Unless you follow all the links in our Watchlist items, you may have missed this ominous message in Apple’s release notes for Final Cut Pro 10.4.6 (see “Final Cut Pro X 10.4.6, Compressor 4.4.4, and Motion 5.4.3,” 22 March 2019):

Detects media files that may be incompatible with future versions of macOS after Mojave and converts them to a compatible format.

That’s right, Apple is dropping support for some media formats in the next major release of macOS because the old QuickTime 7 framework isn’t 64-bit friendly. Here are some of the more common ones that were previously supported by third-party software relying on the QuickTime 7 framework:

  • 3ivx MPEG-4
  • Cinepak
  • DivX
  • Flash Video
  • Perian collection of codecs (such as Microsoft MPEG-4, DivX, 3ivx, VP6, and VP3)
  • RealVideo
  • Windows Media Video 7, 8, 9
  •’s Theora Video

Thankfully, the industry has now largely settled on H.264 and H.265. But if you’re used to dealing with transcoding video (or let’s be honest, downloading it from shadowy sources), you’re probably wincing right now. And even if you aren’t, you may very well have old videos in obscure formats, as might have happened with video taken with a flip phone.

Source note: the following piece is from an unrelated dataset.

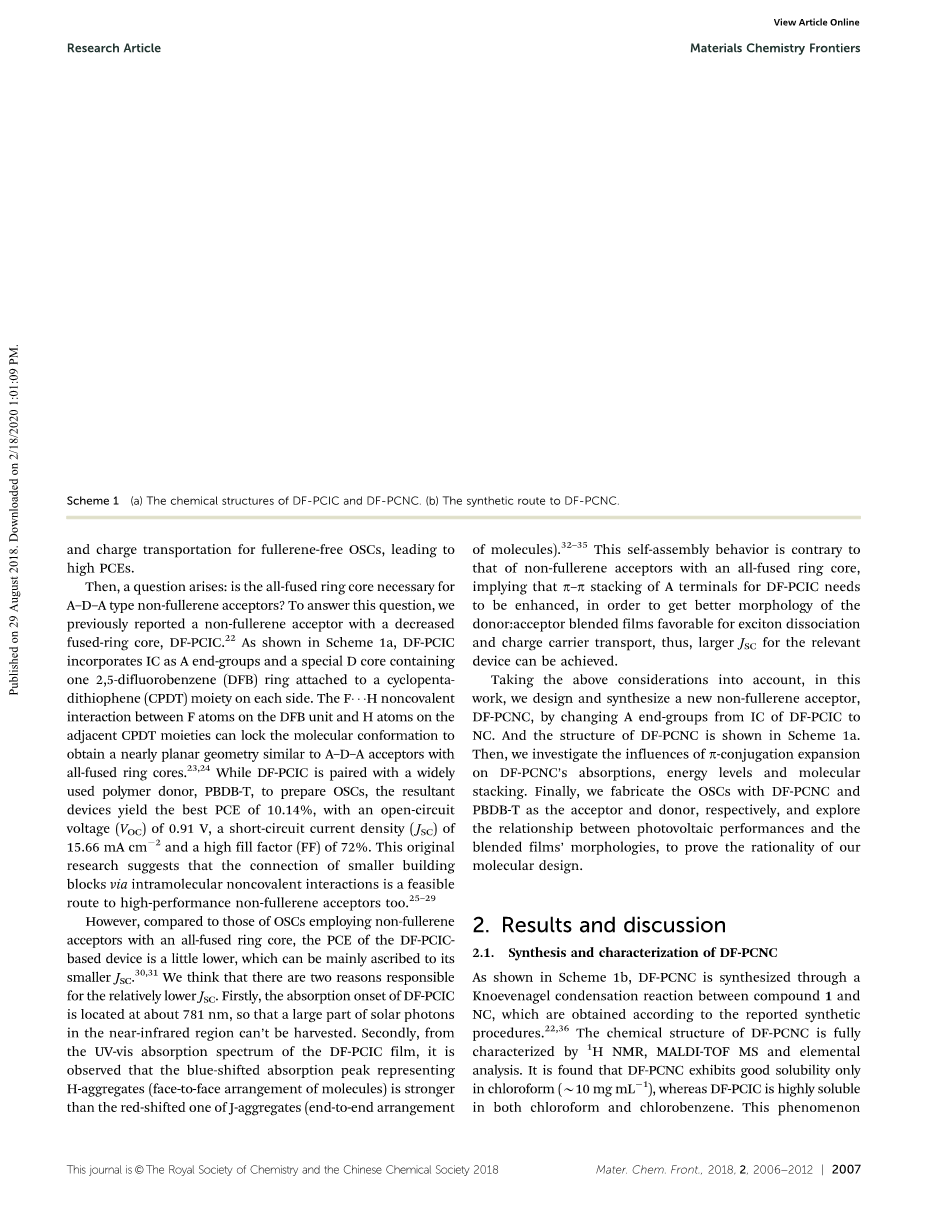 如方案1b所示,化合物1和端基通过Knoevenagel缩合反应合成DF-PCNC[22,36]。通过1H-NMR,MALDI-TOF MS和元素分析对DF-PCNC的化学结构进行了表征。发现DF-PCNC仅在氯仿中表现出良好的溶解性(~10 mg mL-1),而DF-PCIC则高度可溶于氯仿和氯苯中,这种现象意味着当A端基的结构从IC变为NC,DF-PCNC的分子间相互作用将变得更强。

There are many open-source video players, the most popular being VLC, but there’s one that’s both better and Mac-exclusive: IINA. It’s free, it’s open-source, it’s built for the Mac (written in Swift even!), and it hit 1.0 at the end of 2018 (I’m reviewing version 1.03). What’s not to love?

Building on MPlayer, mpv, and FFmpeg

In the 2000s, MPlayer (not to be confused with the media player for Windows or the gaming service from the late 1990s—yes, I’ve used all three) was the gold standard for video playback in the open-source world. That project has mostly been abandoned and superseded by mpv, a Unix command-line video player that offers unmatched performance and extensibility.

What does this have to do with IINA? Well, mpv is the engine that drives IINA. If you fancy yourself a Terminal wiz, you can easily install mpv on your Mac any number of ways, with my favorite being Homebrew. You’ll have to run mpv from Terminal, which offers some advantages, but for most of us, those don’t outweigh the convenience of a graphical interface. Thankfully, the installation of IINA doesn’t require anything fancy; just open the disk image and drag the app to your Applications folder.

Since mpv is based on the free software project FFmpeg, it supports all the file formats and codecs that FFmpeg can handle, which is just about everything you can imagine, including the formats Apple is discarding.

The astute among you will point out that VLC is also based on FFmpeg, so why bother switching? Well, they’re both free, so it’s not an either/or situation, but I’ll let you see what both look like in action. IINA is on the left, VLC on the right:


While VLC has to provide a cross-platform interface for the Mac, Windows, Linux, and even OS/2, IINA is made solely for the Mac, so as a Mac user, you’ll be immediately familiar with its conventions. For instance, you’ll probably recognize the Apple picture-in-picture icon, and clicking the gear icon displays all the key video settings in one place.

IINA video settings

Favorite IINA Features

I’m sure if I compared IINA and VLC’s features, VLC would win. It has been in development for many years, while IINA just hit 1.0. But IINA offers all the essentials and then some, and most importantly, Mac users will have no trouble finding them. If you’ve ever felt overwhelmed by VLC, launching IINA is a breath of fresh air.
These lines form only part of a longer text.